Monday, August 20, 2012

The Urgent Need to Create a Department of Urban Education

I took a little hiatus from writing. Quite frankly I’ve just been frustrated that there is SO MUCH to do with New Jersey’s urban schools, and all I see are politicians and education leaders patting themselves on the back for a tenure reform bill that, to me, simply illustrates how disengaged our leaders are from understanding the urgency to reform our schools.

I just read longitudinal graphs of NJ HSPA test scores, more specifically the proficiency gap between disadvantaged and non-disadvantaged districts, and sad to say over the last ten years the gap has in some cases widened and in other cases stayed about the same. Clearly, whatever is being done in New Jersey right now is a complete an utter failure, and tenure reform is going to do little if anything to rectify the situation.

It is time for our State to literally declare a state of emergency in urban education, and commit the same relative time and resources to our schools and cities that we would if there were a natural disaster, epidemic, or other devastating event occurring.

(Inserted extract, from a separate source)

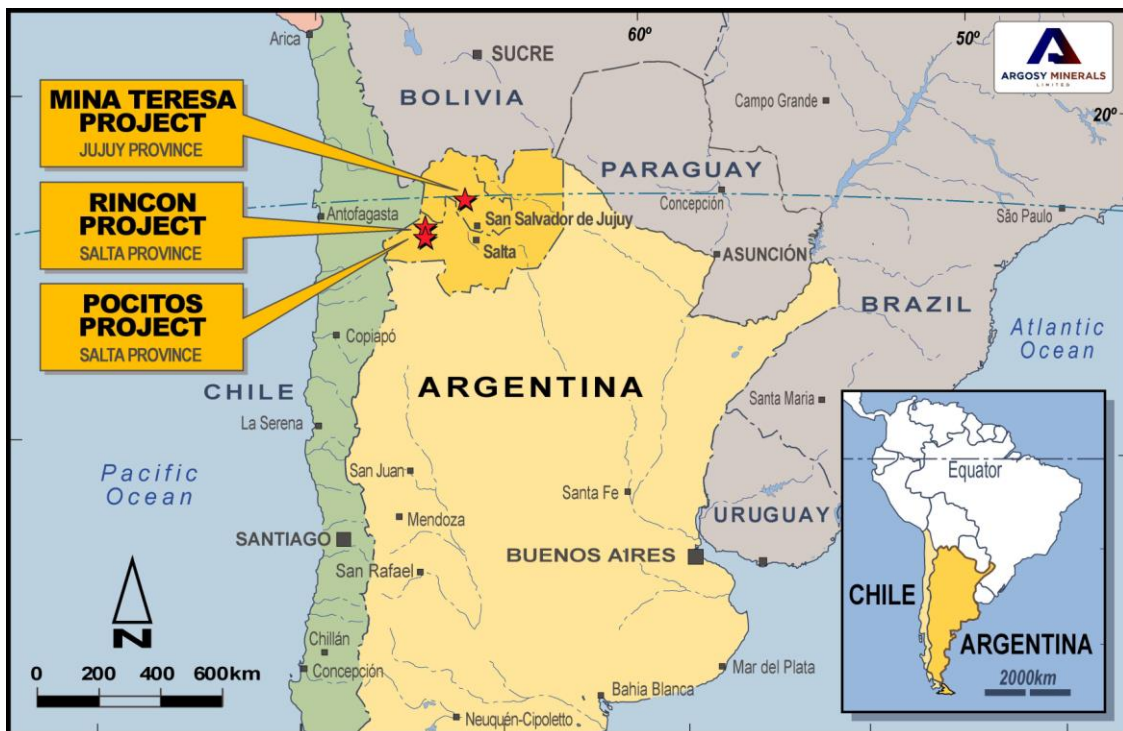
Argosy Minerals Limited – Argentina Lithium Project Location Map

The Company terminated the Heads of Agreement for the Mt Paris Project in Tasmania and the Farm-In Agreement for the Wee MacGregor Project in Queensland, and has resolved to relinquish its interest in the Erongo Graphite Project in Namibia.

Although some may insinuate from what I am about to say that I am somehow acknowledging failure, what it is instead is a realization that urban education is fundamentally different from suburban education, that the issues they face are fundamentally different, that their needs are fundamentally different, and that the solutions to their condition are fundamentally different from suburban schools.

What I am calling for, at least theoretically, is to create two distinct Departments of Education, one for urban schools and one for everyone else. I believe that urban schools should have a completely distinct set of Core Curriculum Content Standards and a completely distinct graduation exam. It is obvious from the nature of the current HSPA and statements from our education leaders and politicians that they see the CCCS and HSPA as designed not so much as a test to prepare students for life beyond high school but as a preparation test for college. Quite frankly, such tests already exist in the SAT and Achievement Tests. The DOE and our leaders have lost their sense of mission. For many if not most urban students, college is not “the next step” after high school, and judging from the drop-out rate from community colleges and for profit colleges, we are failing our urban students by  promoting college as their primary and essential path. I really am tired of hearing people say that college is now essential for all high school graduates. First of all, we are barely graduating half of our urban students, and secondly, the failure of our State to provide meaningful options in artisanship and trades is tragic.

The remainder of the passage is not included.